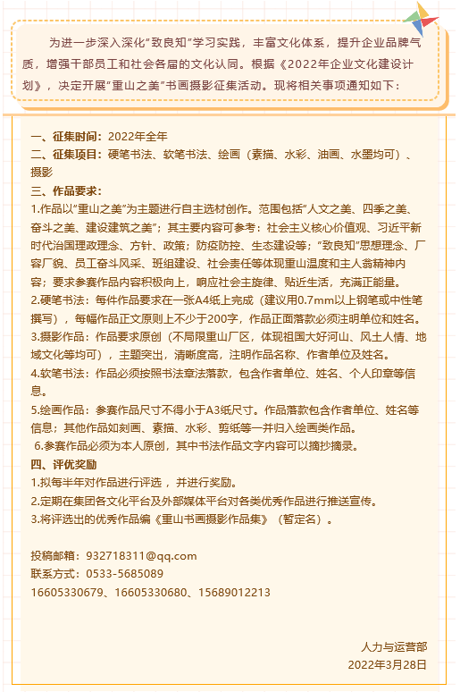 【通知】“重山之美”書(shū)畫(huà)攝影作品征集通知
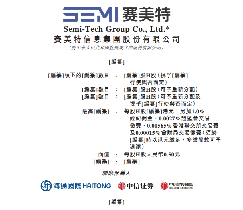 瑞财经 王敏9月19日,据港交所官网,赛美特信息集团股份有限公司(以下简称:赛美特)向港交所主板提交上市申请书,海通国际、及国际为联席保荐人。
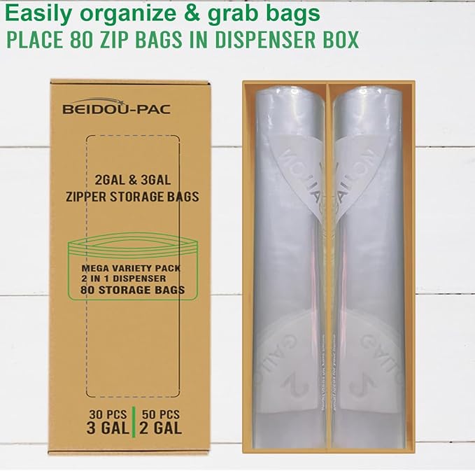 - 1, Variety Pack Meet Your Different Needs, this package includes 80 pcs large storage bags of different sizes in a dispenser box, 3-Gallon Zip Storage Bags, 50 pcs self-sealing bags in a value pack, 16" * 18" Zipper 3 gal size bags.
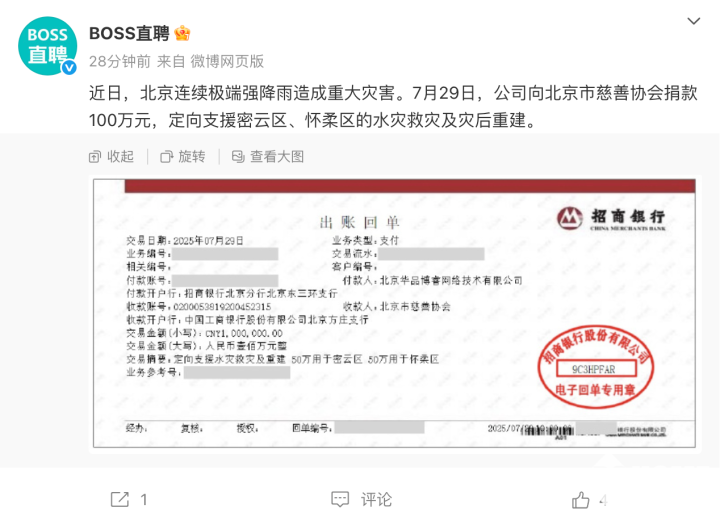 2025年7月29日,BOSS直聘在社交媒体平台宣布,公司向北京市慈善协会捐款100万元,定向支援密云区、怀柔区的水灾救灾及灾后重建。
___
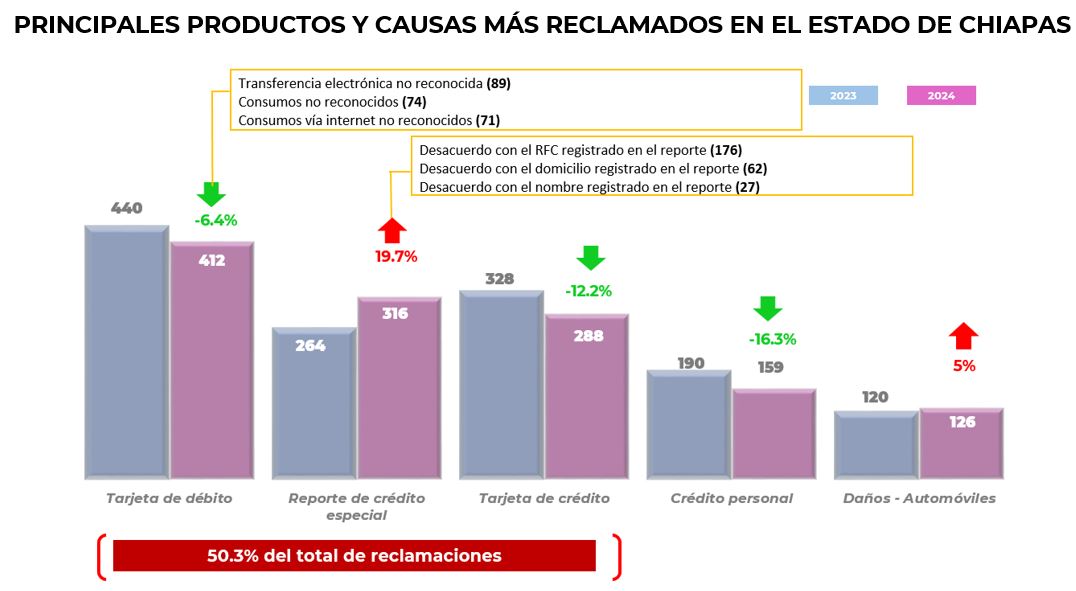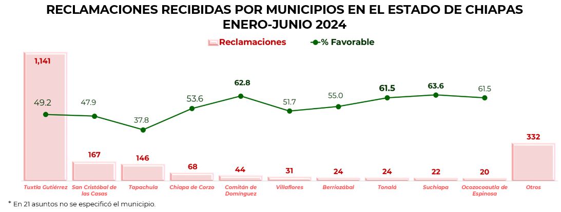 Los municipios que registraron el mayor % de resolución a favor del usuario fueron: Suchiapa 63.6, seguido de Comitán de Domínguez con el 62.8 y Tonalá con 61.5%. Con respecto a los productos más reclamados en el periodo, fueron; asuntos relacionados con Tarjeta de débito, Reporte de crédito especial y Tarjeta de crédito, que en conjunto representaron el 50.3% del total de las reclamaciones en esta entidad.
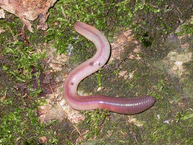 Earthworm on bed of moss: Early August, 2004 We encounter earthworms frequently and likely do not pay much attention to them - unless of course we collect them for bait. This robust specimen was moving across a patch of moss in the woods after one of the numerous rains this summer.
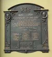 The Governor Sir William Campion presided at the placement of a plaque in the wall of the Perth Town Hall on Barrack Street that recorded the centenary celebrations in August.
___
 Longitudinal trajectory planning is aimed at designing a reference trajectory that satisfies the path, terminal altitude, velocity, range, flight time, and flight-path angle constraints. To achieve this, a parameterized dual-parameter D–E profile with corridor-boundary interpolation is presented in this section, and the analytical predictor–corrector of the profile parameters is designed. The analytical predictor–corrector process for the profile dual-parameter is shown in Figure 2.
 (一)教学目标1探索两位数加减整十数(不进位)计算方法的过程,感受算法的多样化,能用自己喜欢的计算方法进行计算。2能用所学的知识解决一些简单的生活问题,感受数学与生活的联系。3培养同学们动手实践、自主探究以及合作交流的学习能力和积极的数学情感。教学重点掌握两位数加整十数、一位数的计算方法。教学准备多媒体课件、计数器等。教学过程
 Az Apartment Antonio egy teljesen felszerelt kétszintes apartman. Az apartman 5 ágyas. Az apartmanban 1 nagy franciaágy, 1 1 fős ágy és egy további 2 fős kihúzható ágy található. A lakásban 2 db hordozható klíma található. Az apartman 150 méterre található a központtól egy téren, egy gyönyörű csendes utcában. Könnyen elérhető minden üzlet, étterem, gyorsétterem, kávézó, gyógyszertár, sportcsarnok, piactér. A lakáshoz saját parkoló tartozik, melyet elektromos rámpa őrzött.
___
TRY IT: What are the lines above, starting at the one with "(一)教学目标1探索两位数加" and ending at the one with "Az Apartment Antonio"? Give them again exactly, and only them.

SOLUTION:
 (一)教学目标1探索两位数加减整十数(不进位)计算方法的过程,感受算法的多样化,能用自己喜欢的计算方法进行计算。2能用所学的知识解决一些简单的生活问题,感受数学与生活的联系。3培养同学们动手实践、自主探究以及合作交流的学习能力和积极的数学情感。教学重点掌握两位数加整十数、一位数的计算方法。教学准备多媒体课件、计数器等。教学过程
 Az Apartment Antonio egy teljesen felszerelt kétszintes apartman. Az apartman 5 ágyas. Az apartmanban 1 nagy franciaágy, 1 1 fős ágy és egy további 2 fős kihúzható ágy található. A lakásban 2 db hordozható klíma található. Az apartman 150 méterre található a központtól egy téren, egy gyönyörű csendes utcában. Könnyen elérhető minden üzlet, étterem, gyorsétterem, kávézó, gyógyszertár, sportcsarnok, piactér. A lakáshoz saját parkoló tartozik, melyet elektromos rámpa őrzött.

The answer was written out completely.